With those words, I gave up command of TF 714.
A few weeks earlier, I had been confirmed by the Senate to become director of the Joint Staff, essentially chief of staff to the chairman and the joint chiefs. DJS, as it was called, was a prestigious post, one John Abizaid and then George Casey had held during my previous tour at the Pentagon. I’d been told that the chairman, Admiral Mike Mullen, had sought me for the position. Having appreciated his keen interest in how TF 714 operated when he was the chief of naval operations, I suspected he’d be a kindred spirit.
The Senate confirmation process had been unexpectedly jarring. Although every military officer’s promotion to field grade or higher must be confirmed by Senate vote, my experience to that point in my career had been as a name on long promotion lists that the White House recommended and the Senate confirmed. My promotion to lieutenant general in February 2006, when I was deployed in Iraq, had not involved individual testimony or significant issues.

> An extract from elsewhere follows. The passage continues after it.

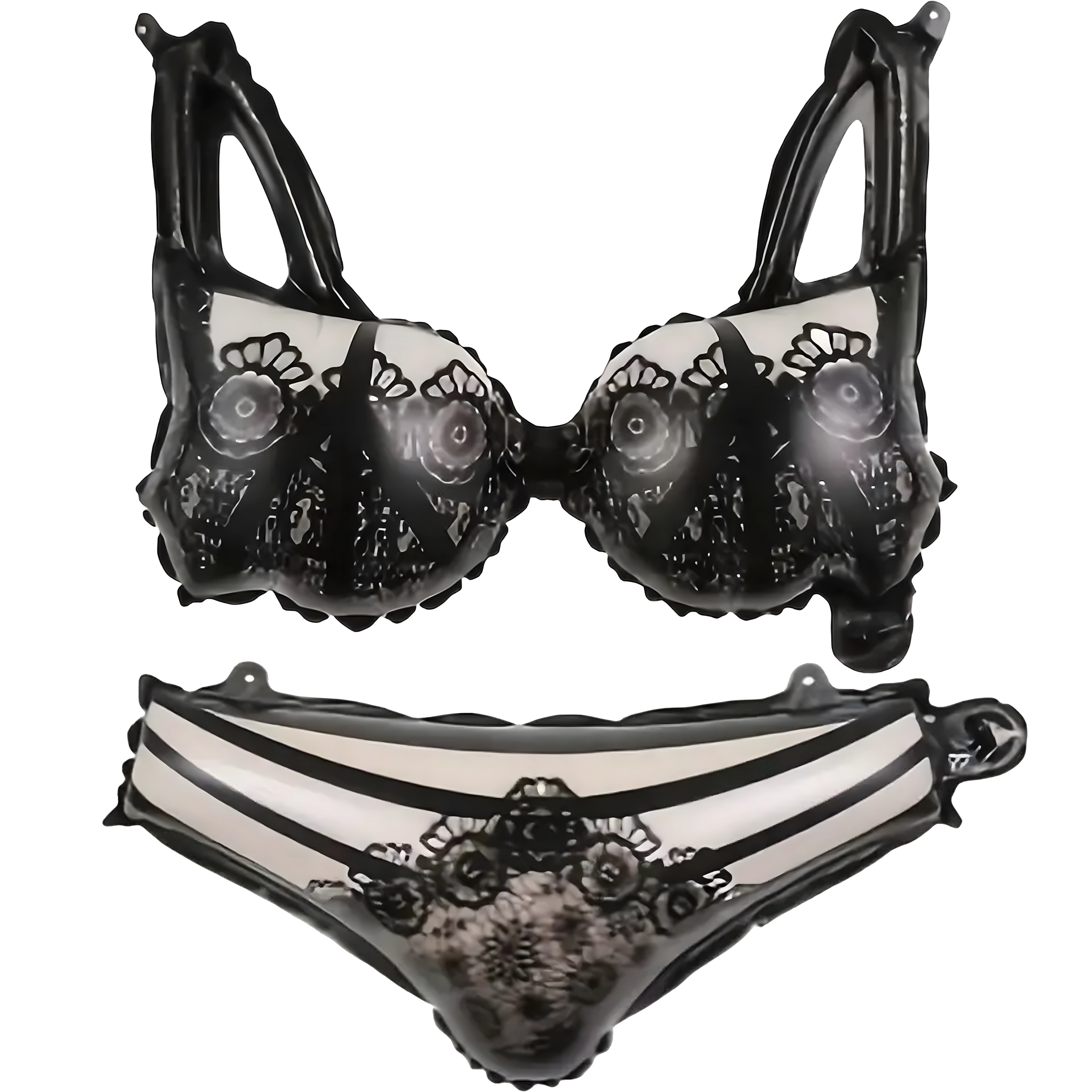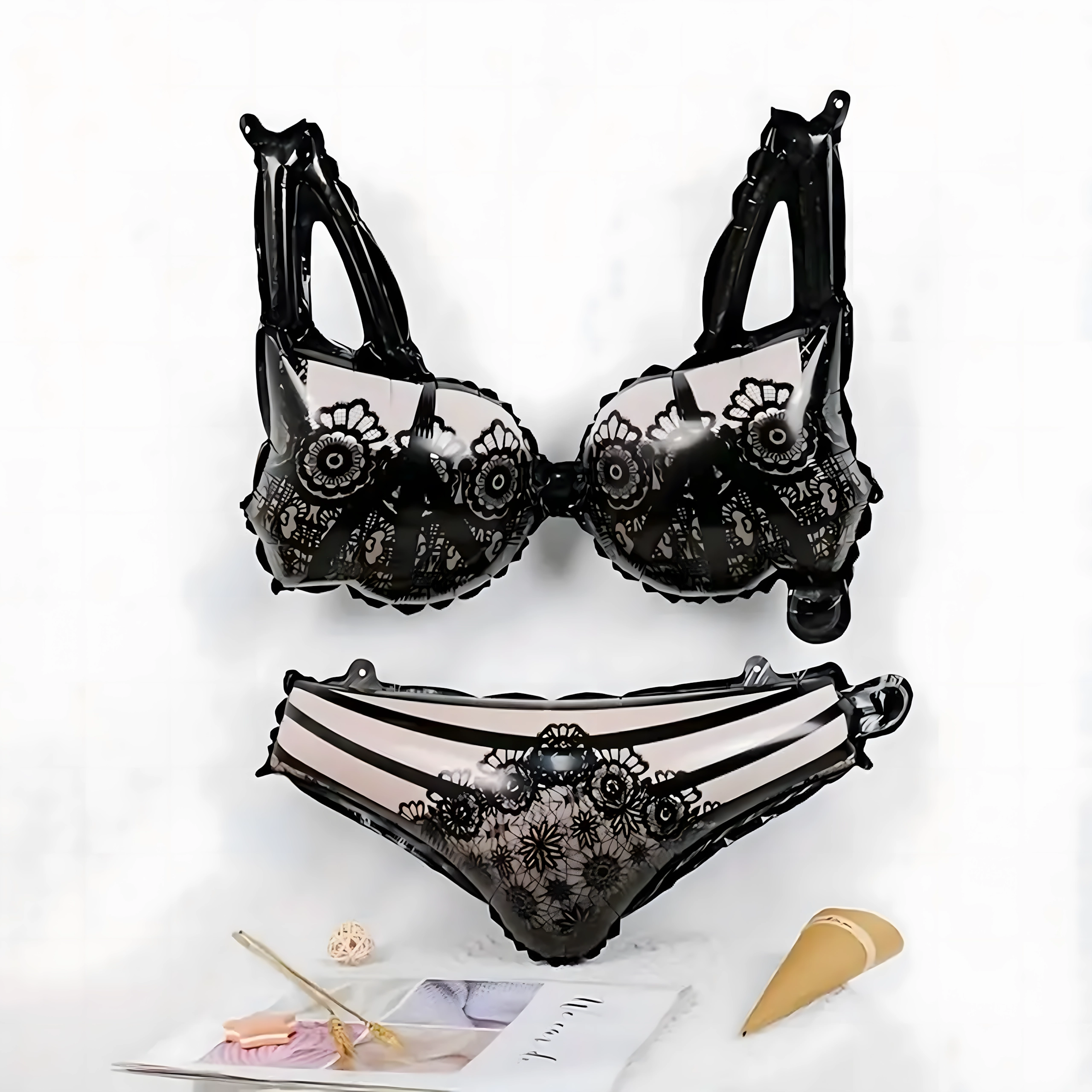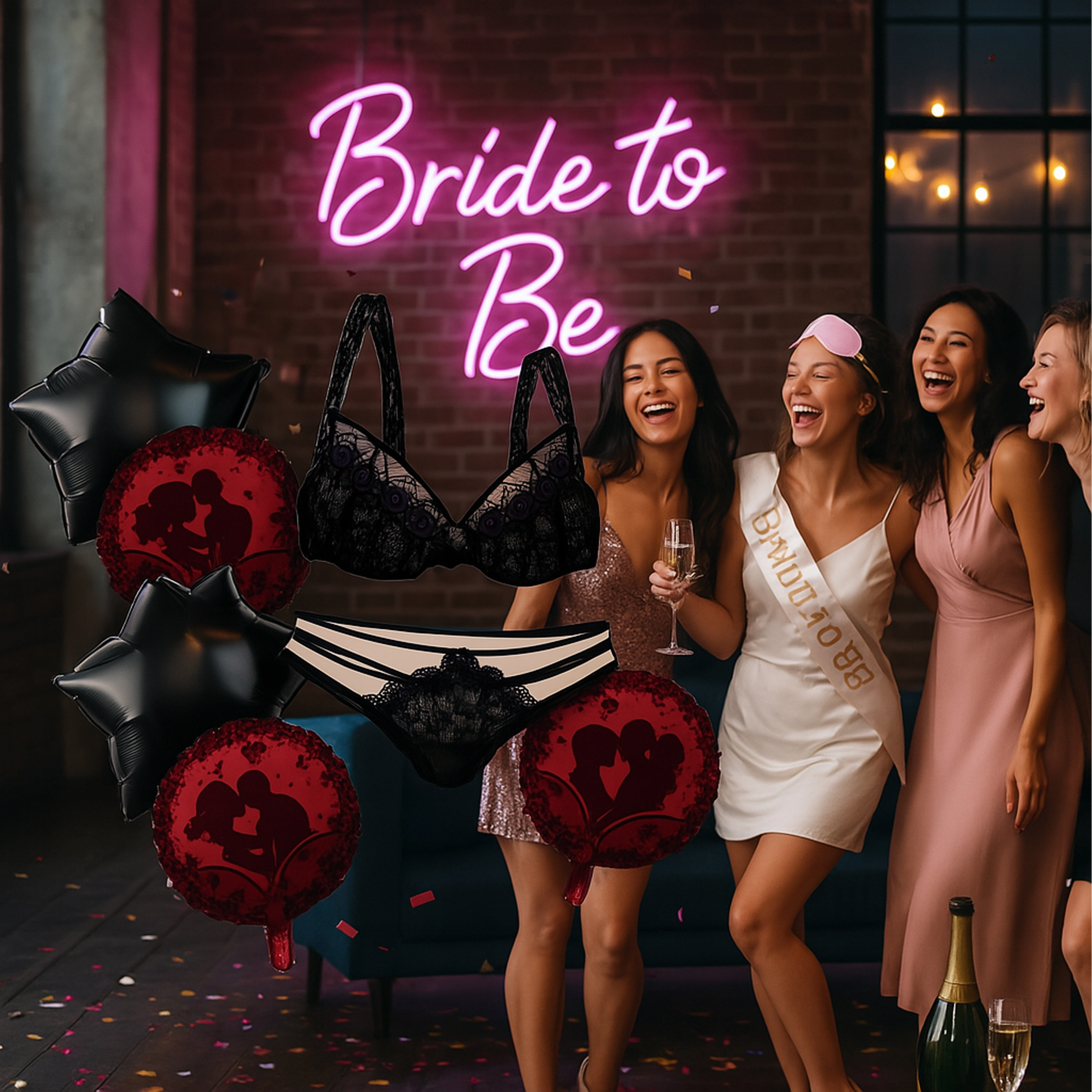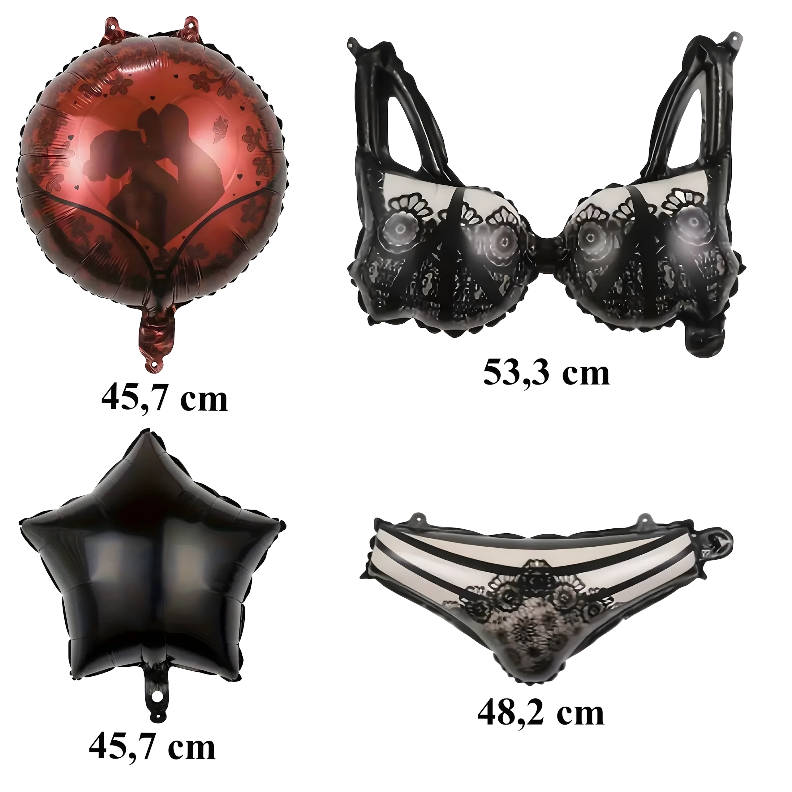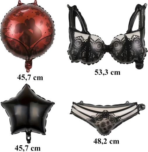 Et muntert sæt balloner til polterabend med motiv af damelingeri, der lyser op på enhver fest. Indeholder en bh-formet ballon (53,3 cm), en trusse-formet ballon (48,2 cm), 2 runde balloner og 2 balloner med print. Ideel som dekoration til fotohjørnet og til Bride‑to‑Be-fester.

This time the experience was much different. I was informed in December 2007 that I’d be nominated for the DJS job and to anticipate an early 2008 confirmation and departure from TF 714. In the end the process took until the first week of June. Although questions surrounding the death of Pat Tillman were raised and I addressed them, the major issue regarded TF 714’s detention operations. Legitimate questions and concerns were intertwined with an ongoing inquiry into the Bush administration’s overall detention policies led by Senator Levin. I was happy for the opportunity to address any questions about TF 714 head-on, but it felt as though the delay was the product of a larger political issue.
I reported for duty to the Joint Staff on August 13, 2008. Because I’d disliked the ponderous Pentagon bureaucracy during my previous tour I was pleased with the guidance I received in my first meeting with Chairman Mullen.
“I want you to do what you do,” he said. “I want you to attack and destroy the network.”
I was confused. We were sitting in his quiet office in the Pentagon, not Baghdad. “Chairman, what network are you talking about?”
“Ours,” he said. He was referring to the Joint Staff, and by extension to the parts of the Pentagon and military we in the Staff interacted with. “Tear it down and rebuild it to be faster, more transparent, and more effective.”
That was clear enough, even for an infantryman. A navy admiral with extensive experience in the Pentagon had identified an enemy who must be defeated, and it was us. Much of my next ten months were spent implementing changes to shape the Joint Staff into the more agile, focused team that Admiral Mullen desired. My close partner in this, and in Afghanistan afterward, was my executive officer, Charlie Flynn. Since he had commanded a company under me in the 2nd Ranger Battalion in the mid-1990s, Charlie and I had stayed close. He was, on the surface, charismatic and easygoing, with a quick smile and kind face. But as the youngest of a rough-and-tumble Rhode Island brood of nine, Charlie had a scrappy, hard-charging energy. He came to the Pentagon that year directly from commanding in Iraq—his third combat tour since 9/11. He and his wife decided the family would stay in North Carolina to let their kids stay in the same schools, so Annie insisted he bunk in a small third-floor room in our quarters on Fort McNair.
During our year at the Pentagon, we shared most moments of what became a mechanical schedule: Each night, he and I ate a quick dinner together before I got up the next day at 3:30 A.M. to run to the Pentagon, in time to shower, change, meet Dave Rodriguez at six and then host the 6:30 A.M. standup—a knock-off of the TF 714 O&I—that I soon instituted to tie together the Joint Staff and other offices in the Pentagon. When the day ended around 8 P.M., Charlie and I walked across the Pentagon’s big plateau-size parking lot to his car, drove home, ate, and did it again the next day. But as busy as we were, I was home with Annie.